Video blanking signal supply circuit

The present invention relates to a video pre-amplifier (hereinafter referred to as "pre_amp") and a screen display unit (hereinafter referred to as "OSD") of a video signal display apparatus such as a television (TV) or a monitor. In particular, the present invention relates to a video blanking signal supply circuit for supplying a blanking signal to a video preamplifier and a screen display unit.

In general, in the case of a television, a scanning beam flows from the left side to the right side of the CRT surface, and when the scanning beam comes to the right side, the scanning beam returns to the left end to draw the next scanning line. The portion where the scanning beam returns from the right end to the left end is the horizontal retrace. Also, the scanning beam is scanned from top to bottom in order, and when one field ends, the scanning beam is returned from the bottom end to the top end. This is the vertical return from the bottom end to the top end.

In this way, since the retrace is an unnecessary part of the image, the retrace is canceled using a blanking signal so that the retraced portion does not appear as light on the screen. This blanking signal is a signal sent together with the synchronization signal and is a signal for lowering the image below the black level only during the blanking period. The horizontal blanking signal is sent in the retrace period for each scan line, and the vertical blanking signal is sent in the retrace period for each field.

This blanking signal is supplied to the video pre_amp and OSD of a television or monitor by a video blanking signal supply circuit.

1 is a system block diagram to which such a blanking signal supply circuit is applied.

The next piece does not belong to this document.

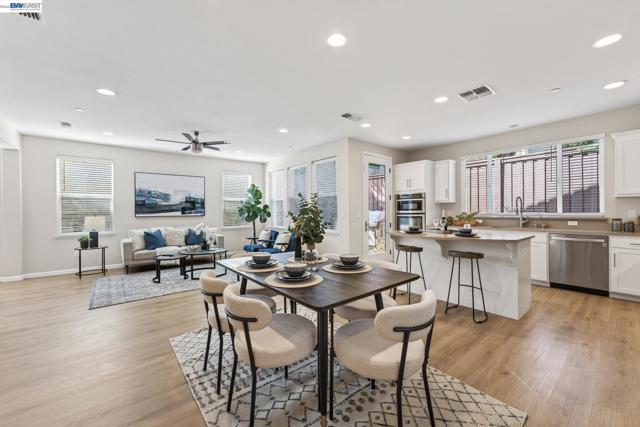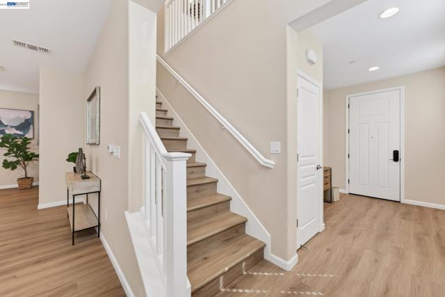 Welcome to 6862 Baird Street in Dublin, a stunning contemporary residence nestled in Dublin’s sought-after Heritage Park community! Built in 2017 by Pulte Homes, this 2,008-square-foot sanctuary perfectly captures the essence of modern California living, offering a sophisticated blend of style, comfort, and convenience. The home’s open-concept main floor greets you with warmth radiating from light colored walls, and beautiful light wood flooring. This bright and airy layout creates a seamless flow between the living, dining and kitchen, making it an ideal space for both quiet family evenings and large holiday gatherings. At the center of the home is a gourmet designer kitchen, featuring white shaker cabinets, elegant tan colored quartz countertops, stainless-steel appliances and a large central island. The second level opens into a spacious, versatile loft that can easily serve as a high-tech home office, media lounge, or children's play area. This floor also houses three light filled bedrooms, 2 bathrooms and a laundry, all designed with clean lines and modern finishes to provide a private, peaceful retreat. This beautiful home is perfectly positioned for easy access to top-rated Dublin schools, parks, shopping, library, museum, the scenic Iron Horse Trail, I-580 freeway and the Dublin/Pleasanton BART station!

The pulse generator 10 generates a blanking signal as a pulse. The blanking signal supply unit 20 converts the blanking signal generated by the pulse generator 10 into a phase recognizable by the video signal preamplifier 40 and the OSD 50, respectively. The video input unit 30 receives a video signal. The video signal preamplifier 40 amplifies the weak video signal transmitted from the video input unit 30 to improve the signal noise ratio (SNR), and the blanking signal supply unit 20 during the blanking period of the video signal. Transmit the blanking signal supplied by. The OSD 50 receives the blanking signal supplied from the blanking signal supply unit 20. The video signal main amplifier 60 amplifies the video signal preamplifier 40 and the signal output from the OSD 60. The CRT 70 scans the video signal amplified by the video signal main amplifier 60.

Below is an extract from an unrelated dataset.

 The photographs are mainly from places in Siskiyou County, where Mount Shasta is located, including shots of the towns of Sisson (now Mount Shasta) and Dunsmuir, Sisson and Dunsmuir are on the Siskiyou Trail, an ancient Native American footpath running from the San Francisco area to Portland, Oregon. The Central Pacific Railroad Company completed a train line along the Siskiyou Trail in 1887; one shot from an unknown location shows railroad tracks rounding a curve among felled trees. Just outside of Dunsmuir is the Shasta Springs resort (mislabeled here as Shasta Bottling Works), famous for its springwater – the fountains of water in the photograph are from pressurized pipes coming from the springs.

The pulse generator 10 is implemented as a flyback transformer (FBT).

The video signal preamplifier 40 recognizes a positive retrace signal, and the OSD 50 recognizes a negative retrace signal.

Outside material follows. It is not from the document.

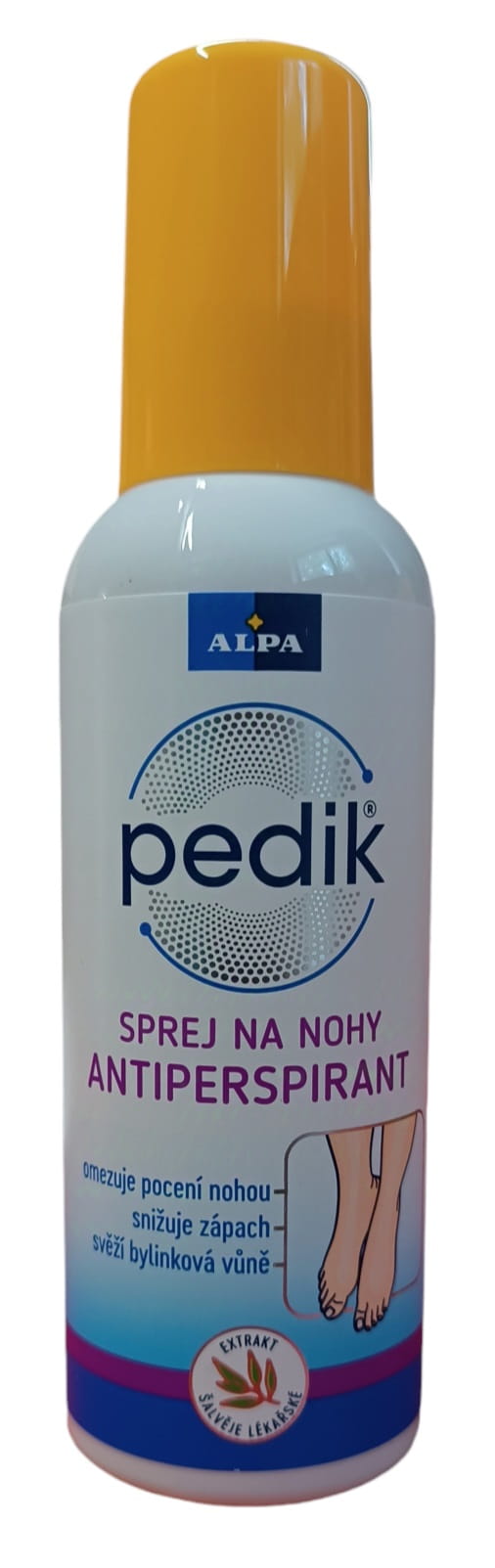 Szybkoschnący spray Alpa Pedik Antyperspirant do stóp przeznaczony do codziennej higieny stóp. Innowacyjna formuła z wyciągiem szałwii lekarskiej o skutecznym działaniu przeciwpotnym, w stężeniu zapewniającym długotrwałą ochronę przed nawracaniem kłopotliwego pocenia się nóg a zwłaszcza nieprzyjemnego zapachu potu na stopach, w butach i na skarpetkach.

A general circuit diagram of the blanking signal supply section 20 is shown in FIG.

A first transistor Q10 for inverting the phase while amplifying the bipolar pulse generated by the flyback transformer FBT to a predetermined level; A second transistor (Q20) which phase-inverts the signal through the first transistor (Q1) and supplies it to the video signal preamplifier (40) as a blanking signal; The third transistor Q30 is configured to invert the phase while amplifying the bipolar pulse generated by the flyback transformer FBT to a predetermined level and to supply the blanking signal to the OSD 50.

The operation of the conventional blanking signal supply circuit configured as described above is as follows.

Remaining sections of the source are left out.